John 14:26 (King James Version) 26But the Comforter, which is the Holy Ghost, whom the Father will send in my name, he shall teach you all things, and bring all things to your remembrance, whatsoever I have said unto you.
Sixthly, there is somewhat 'ordinary' meaning of word used in:
John 9:22 (King James Version) 22These words spake his parents, because they feared the Jews: for the Jews had agreed already, that if any man did confess that he was Christ, he should be put out of the synagogue.
Even this brings in the main theme of believing as they did not wish to express any faith or support for Jesus, even though they knew Jesus had healed their son of congenital blindness. For they 'feared men.'
In the beginning was the Word (Greek: Logos) and the Word was
with God. This concept was developed in John's Gospel, as well as
in 1 John, the epistle believed by some scholars to have influenced
the author of the Gospel we know as John's Gospel. It closely
resembles the Logos found in Philo, and is certainly related to it.
It also have affinities with Lady Wisdom, the Old Testament spirit
also believed to have participated in creation.
The Logos was likened by the Alexandrian Jew, Philo, (and other strands of Hellenistic philosophy) to a stream of Light-Radiation issuing from God, with stages of decreasing brilliance, forming a hierarchy of God's powers and activities. Like most Hellenistic philosophers, Philo believed that the ultimate God was unknowable and indefinable. Humanity could reach and understand him only through his emanations. The Logos was God's mediator, his thought expressed in a comprehensible form. Remembering that he was a Jew and that he lived before the beginning of Christianity, Philo also called the Logos: "the first born", the "image of God", the "first-begotten", the "son of God", the "eldest of the angels" and the "name of God".
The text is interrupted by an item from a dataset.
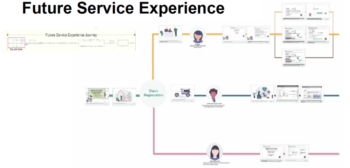 Following the conclusion of the service design work, a consolidated end-to-end journey map was created that merged steps from each phase (“leg”) of the service experience to display the future service design from the beginning to end of a claim. This map is now used as a North Star for the organization, and acts as a single source of truth. It continues to drive a shared understanding of the vision for the future.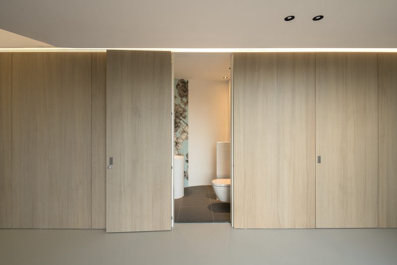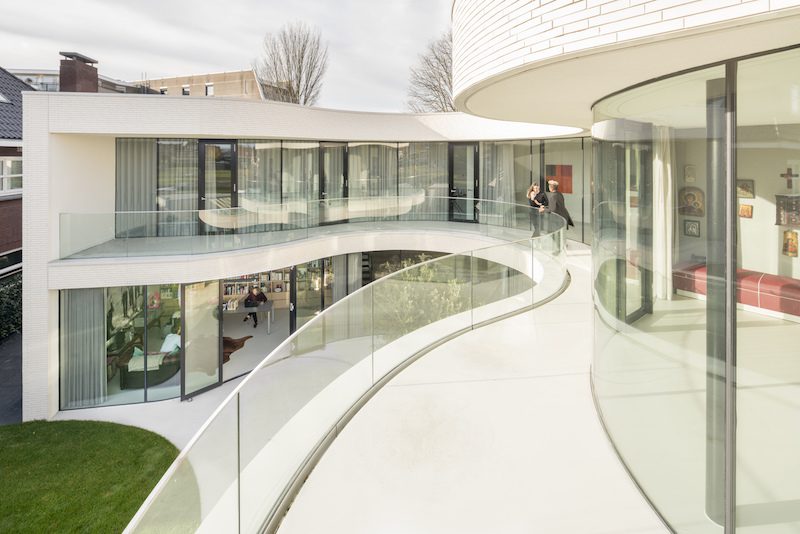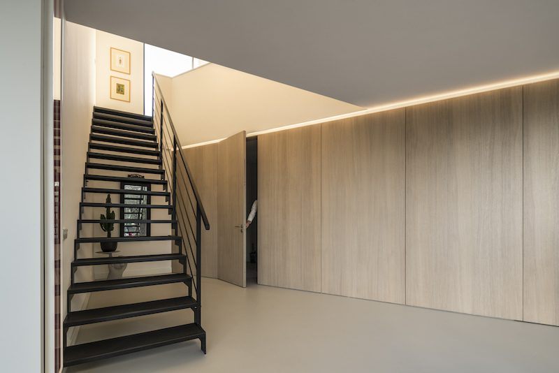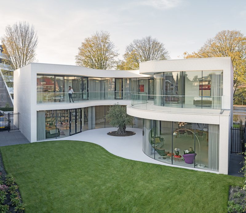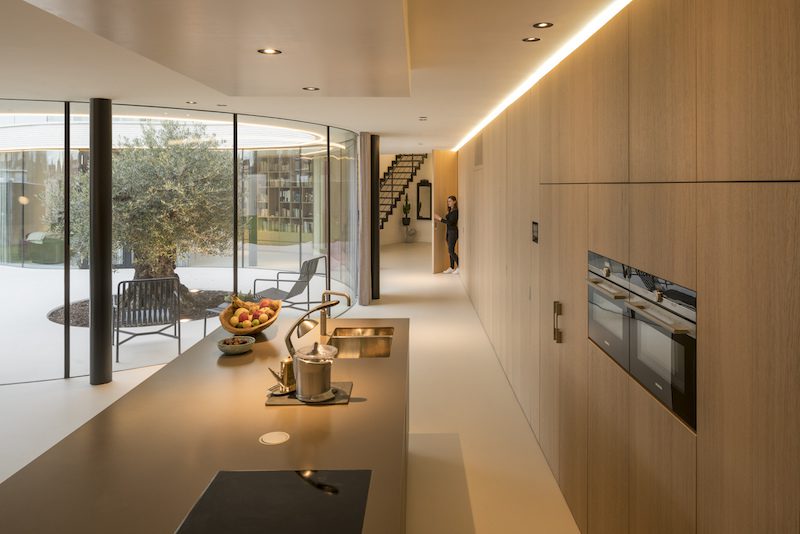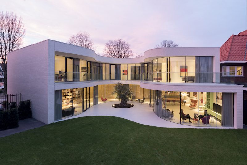 El cliente quería que la casa ofreciera un fuerte sentido de cerramiento y, al mismo tiempo, que recibiera mucha luz natural e incluyera espacios abiertos. Los arquitectos lograron este equilibrio perfecto dando a la casa dos fachadas muy diferentes. La fachada trasera da al jardín y está completamente abierta al exterior, con ventanas de altura completa, paredes curvas, un patio y el punto focal: un solo olivo en el centro de todo. En contraste con todo esto, la fachada a la calle no tiene ventanas y su estructura de ladrillo está definida por líneas rectas y ángulos.

John's Gospel at times appears to have been opposed to Docetism, a belief that Jesus was an apparition and was not a man of flesh and blood. The phrase "and the Word became flesh, and dwelt amongst us" is clearly at variance with Docetism.To many Hellenistic Jews, the Word, or Logos, was already a familiar concept. John tapped into this familiarity and used it to refer to Jesus and to support the divinity of Jesus, as well as to counter the docetic notion that Jesus was not of flesh.